All deaths have a depth to their sadness, felt most deeply by immediate family, but not all have an added melancholy that engages us in a quite different way. Graham Cowdrey’s passing in seemingly straitened circumstances after a short illness was such a death. He didn’t reach his three score and ten — he was only 56 — and he didn’t achieve the highest realms of his sport, although he was a mighty fine batsman for Kent for more than decade. He was part of a powerful cricketing dynasty (the son of Colin, of course) so that was no surprise.

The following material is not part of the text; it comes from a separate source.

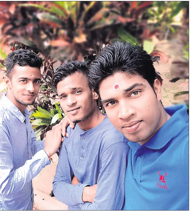
@ ଚିନ୍ମୟ ହୋତା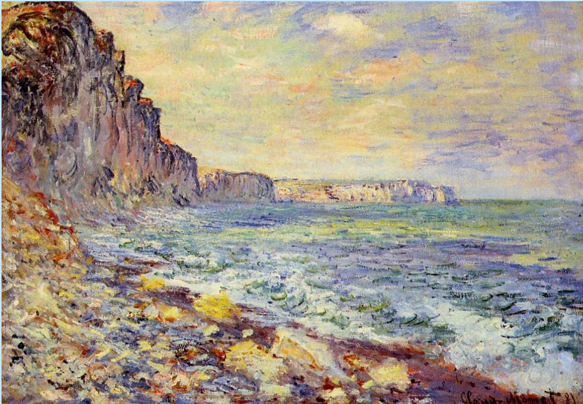
УТРО НА МОРЕ. 1881 OckYandex.kz

What made Cowdrey’s passing different — and so affecting — was that his cricketing talent came across as being secondary, bottom of the pile even, to all the other things that made him the man he was.

Graham Cowdrey was king of the dressing room, and so charming that it didn’t feel like charm

His later years were scarred by personal and financial difficulties. But those who knew him at a young age remember something unusually likeable about him. You didn’t need a getting-to-know-you process with Cowdrey: he was just natural, warm and very funny. And immensely gifted — quirkily so when the mood took him. He once batted in a chest guard in a 30-over match at Tonbridge School, knowing he was up against a very quick quickie.